But the beauty of the film can’t prop up a plot that drags. Life of Pi might make great reading, but there are so many sequences at sea and only so much that can visually be done with a lifeboat and color that its two hour run-time is longer than it needs to be. But perhaps the length is meant to hoist the film up as the “epic” it seems like its supposed to be, as if Lee bought into the hyperbole of the film’s greatness and cut the film based on that (Lee mentioned in his pre-screening remarks that he isn’t completely finished with the cut, and I think it would be a good idea to trim it a bit). Then again, there are some wonderful moments of humor that make it seem like it shouldn’t be taken too seriously. Much of this stems from Sharma, who does a wonderful job portraying the conflicted and troubled Pi. Though all the other actors in the film are far more experienced than him — including Gérard Depardieu in a very small role (and I definitely didn’t miss the irony of him starring in a film in which the main character has a name that sounds like “pissing”) — Sharma is really the only one who stands out, displaying an admirable amount of emotional depth for a young actor. Well, I would be remiss to not also mention the real life tigers which portray Richard Parker — and the visual artists who made the tiger effects virtually indistinguishable from the real cat. Again, all part of the impressive visual presentation, by far the film’s strongest aspect.

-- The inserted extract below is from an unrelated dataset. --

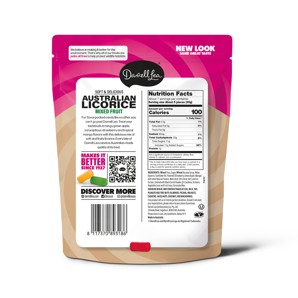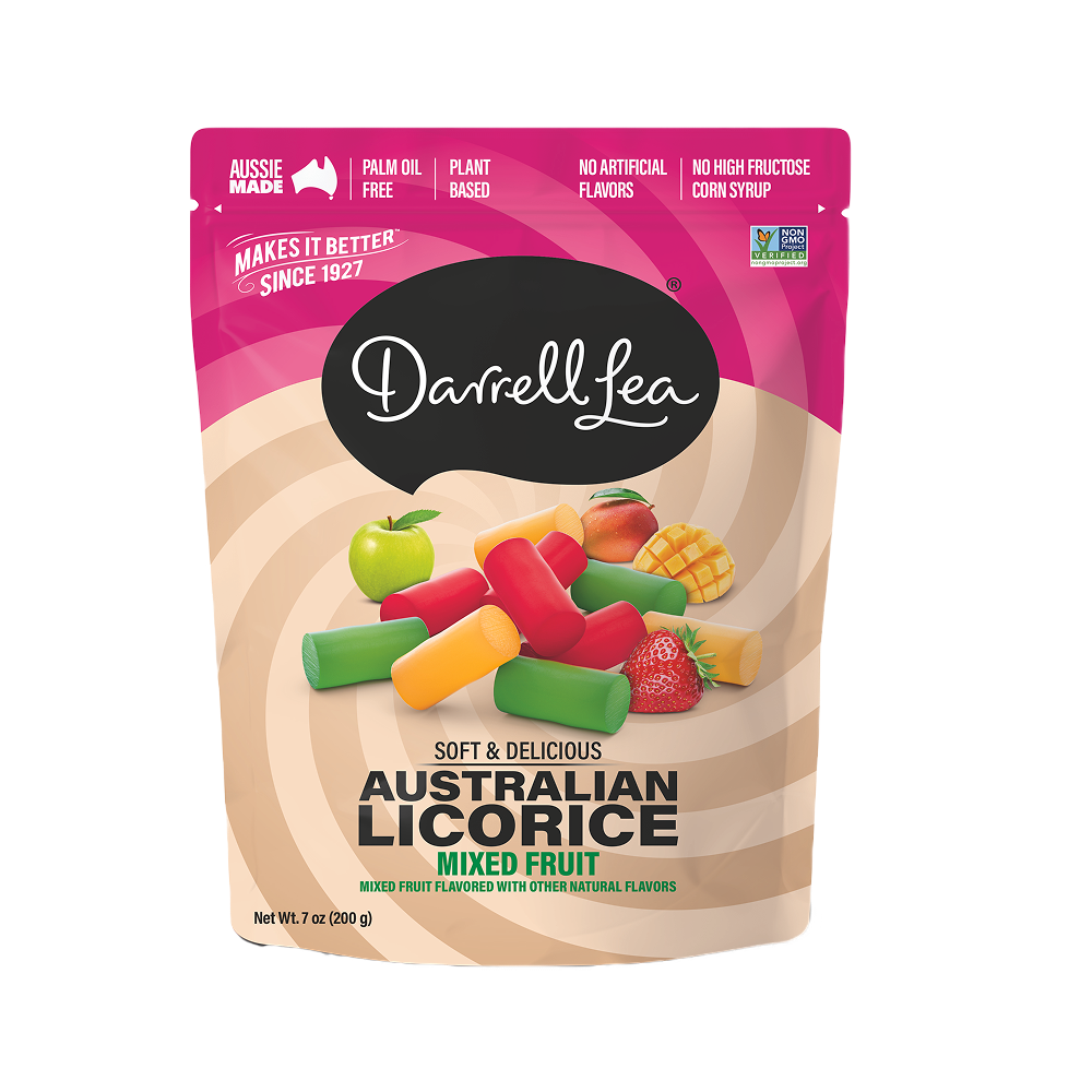 If there’s one thing Darrell Lea knows, it’s licorice. Taste it in our 100% Aussie made, soft licorice. It’s full of delicious strawberry, mango and green apple flavor offering a combination of irresistible taste and texture.

I wonder if those taken with the film will be more enchanted by the idea that this is supposed to be “art” than with the film itself, as a lot of people were with a film like Vanilla Sky — only to realize after repeated viewings that the movie doesn’t carry the punch they initially thought. Or perhaps I will remain in the minority in thinking that Life of Pi doesn’t deserve the hype because despite being adapted from a bestselling novel the story just doesn’t make a great film story. Either way, while I enjoyed Life of Pi I don’t think it will end up making my “Best of” list for 2012, even though I am sure it will make many others.
RATING: As a visual experience it would be a 10, but I prefer films that offer more than just a pretty face (7.0/10).